Building Eval Suites

Create test suites that measure prompt quality across diverse inputs and edge cases.

8 min read
2 quiz questions

Without systematic evaluation, prompt engineering is guesswork. You change a prompt, test it on one or two examples, and hope it works. Eval suites let you test changes against dozens or hundreds of cases, catching regressions and measuring improvements quantitatively.

An eval suite is a collection of test cases, each with an input, the expected output (or criteria for a good output), and a scoring function.

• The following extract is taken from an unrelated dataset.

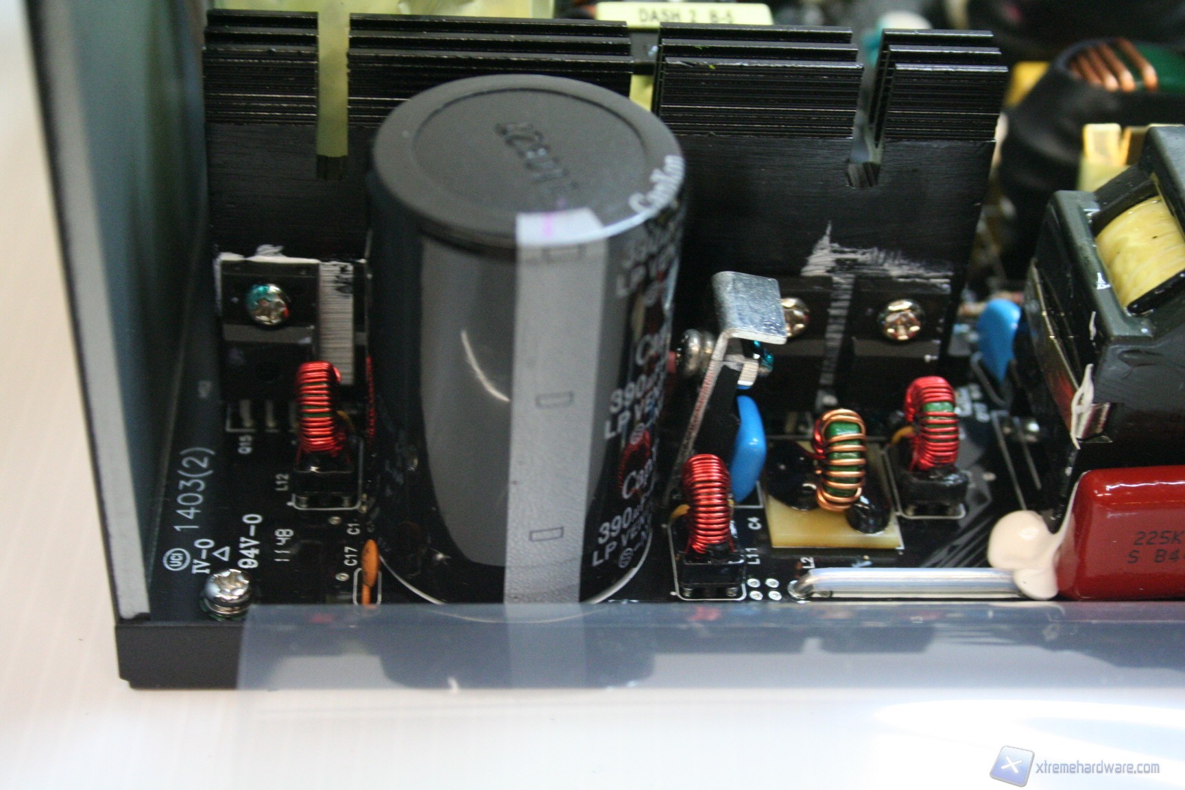 Nel primario è presente un solo condensatore elettrolitico CapXon, non giapponese quindi, avente le seguenti caratteristiche: 420V, 390μF, 85°C. I condensatori del circuito primario agiscono come buffer e sono molto importanti perché la loro presenza aiuta a proteggere il nostro alimentatore ed il computer stesso da pericolosi sbalzi di tensione, e generalmente vengono collegati in parallelo al fine di sommare le singole capacità, o alternativamente – per modelli meno potenti come in questo caso – vengono utilizzati singoli condensatori aventi anche 390μF.

When you modify a prompt, you run the full suite and compare scores.

  1. Happy path: Typical inputs that should work well (40% of cases)
  2. Edge cases: Unusual inputs, boundary conditions, empty inputs (30% of cases)
  3. Adversarial inputs: Attempts to break the prompt, injection payloads (15% of cases)
  4. Regression cases: Specific inputs that previously failed — ensure they stay fixed (15% of cases)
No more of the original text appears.